Minister for Equality and Civil Rights
- Incumbent
- Assumed office 4 June 2026
- Preceded by: Office Established

Parliamentary Secretary for Civil Rights and Reforms
- In office 23 November 2020 – 25 February 2021

Mayor of Qormi
- In office 2012–2017
- Preceded by: Jesmond Aquilina
- Succeeded by: Jesmond Aquilina

Member of Parliament
- Incumbent
- Assumed office 20 June 2017

Parliamentary Secretary for Equality and Reforms
- In office 15 January 2020 – 23 November 2020

Personal details
- Born: September 4, 1988 (age 38) Pietà, Malta
- Party: Labour (2024-Current)
- Other political affiliations: Labour (2012- 2023) Independent (2023-2024)
- Domestic partner: Daniel Farrugia (2019–present)
- Children: 1
- Education: University of Malta

= Rosianne Cutajar =

Maltese politician (born 1988)

Rosianne Cutajar (born 4 September 1988) is a Maltese politician who is a member of the Labour Party. She is a member of the Parliament of Malta representing the Sixth District electoral division. Cutajar was Parliamentary Secretary for Civil Rights and Reforms within the Ministry for Justice, Equality and Governance. As a junior minister within Prime Minister Robert Abela’s government, she was responsible for Malta’s equality and civil rights policy and its implementation, together with the country’s legislative reforms across various sectors of government. Cutajar resigned from her position as parliamentary secretary in February 2021 after calls for her resignation due to links with murder suspect Yorgen Fenech.

Cutajar also resigned from the Labour Party following the leaking of intimate chat transcripts between her and businessman Yorgen Fenech. She continued to serve as an independent MP before getting reinstated into the Labour Party.

In 2026, Cutajar was appointed Minister for Equality and Civil Rights after the Maltese Labour Party won it fourth consecutive General Election in May 2026.

==Education==
Cutajar attended the Qormi Primary School, going on to the Maria Assunta Girls school in Hamrun for her secondary education. She attended the Giovanni Curmi Higher Secondary School.
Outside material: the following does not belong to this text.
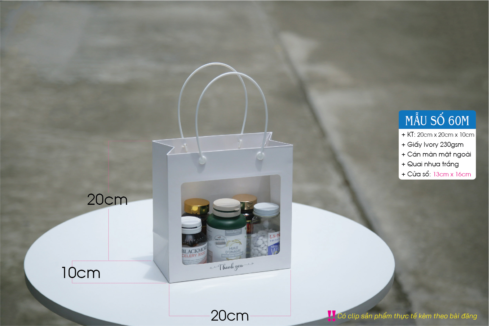 Túi mica trắng – Túi giấy có cửa sổ mica – Gồm 3 size S M L – Paper bag with clear window
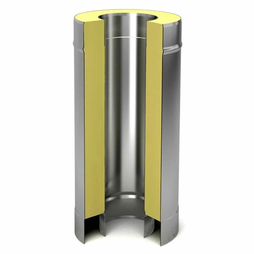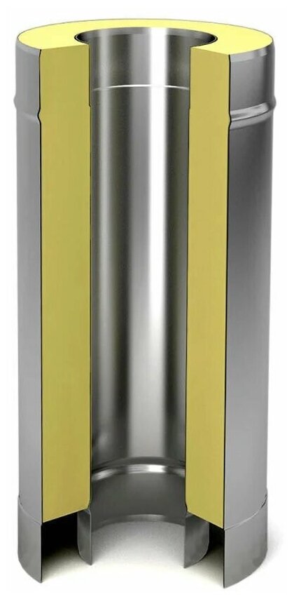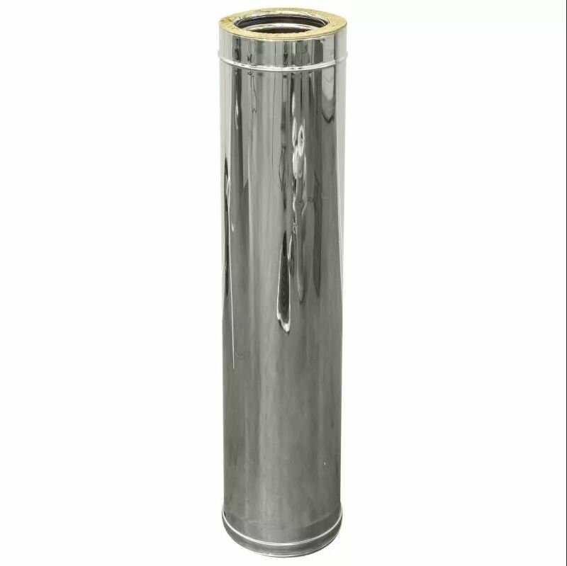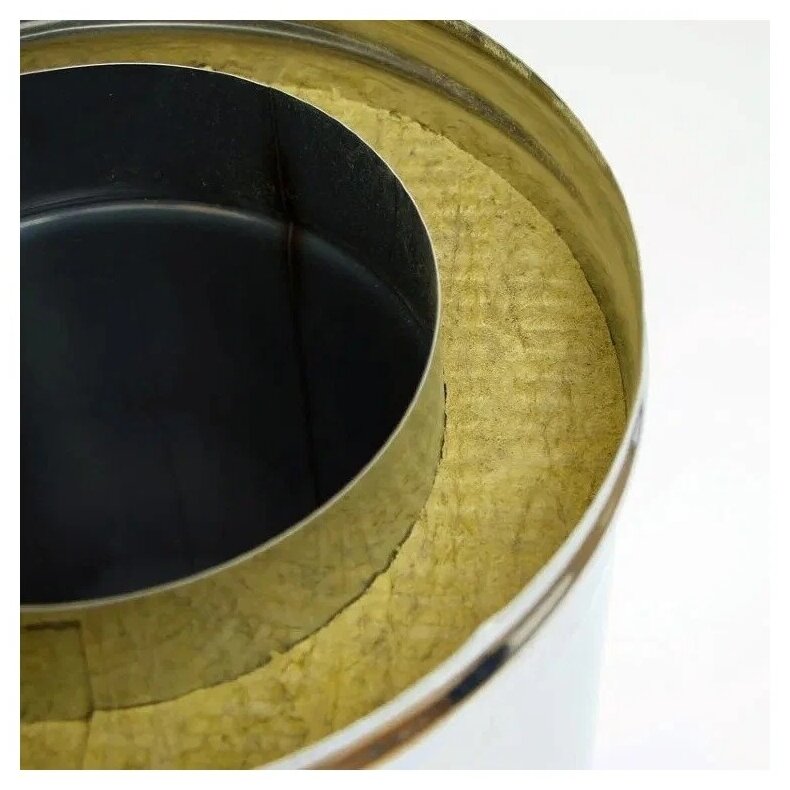 Сэндвич выполнен из металла толщиной 0,8 мм, поэтому подходит для установки на начальных участках дымохода, где температура отработанных газов выше. Диаметр трубы ― 210 мм. Внутренний диаметр ― 150 мм. Длина сэндвича составляет 1 м.

She graduated with a BA with Honours Degree as well as a Postgraduate Certificate from the University of Malta.

==Political career==
Elected to Malta's House of Representatives in 2017, Rosianne Cutajar worked on the introduction of legislation for civil rights, gender and equality in Malta, as well as the updating of existing laws. She has spoken out on a number of social, policy and bio-ethical concerns. Cutajar’s portfolio included the drafting of a new equality law which is still currently pending. She was also involved in Malta's Gender Balance Reform, the drafting of Malta’s National Action Plan against Racism and Xenophobia (NAPRAX), the updating of Malta's divorce laws, the securing of financial commitment towards Malta's first-ever LGBTIQ+ Community Hub, as well as securing Malta's winning bid for the hosting of EuroPride 2023. Cutajar worked on IVF legislation, the lowering of the voting age threshold to sixteen, action against domestic abuse, opened up the debate on a regulatory framework for prostitution, as well as working on a reform to decriminalise the responsible personal use of cannabis. Cutajar has also been responsible for the launch of a 24/7 helpline for victims of domestic violence.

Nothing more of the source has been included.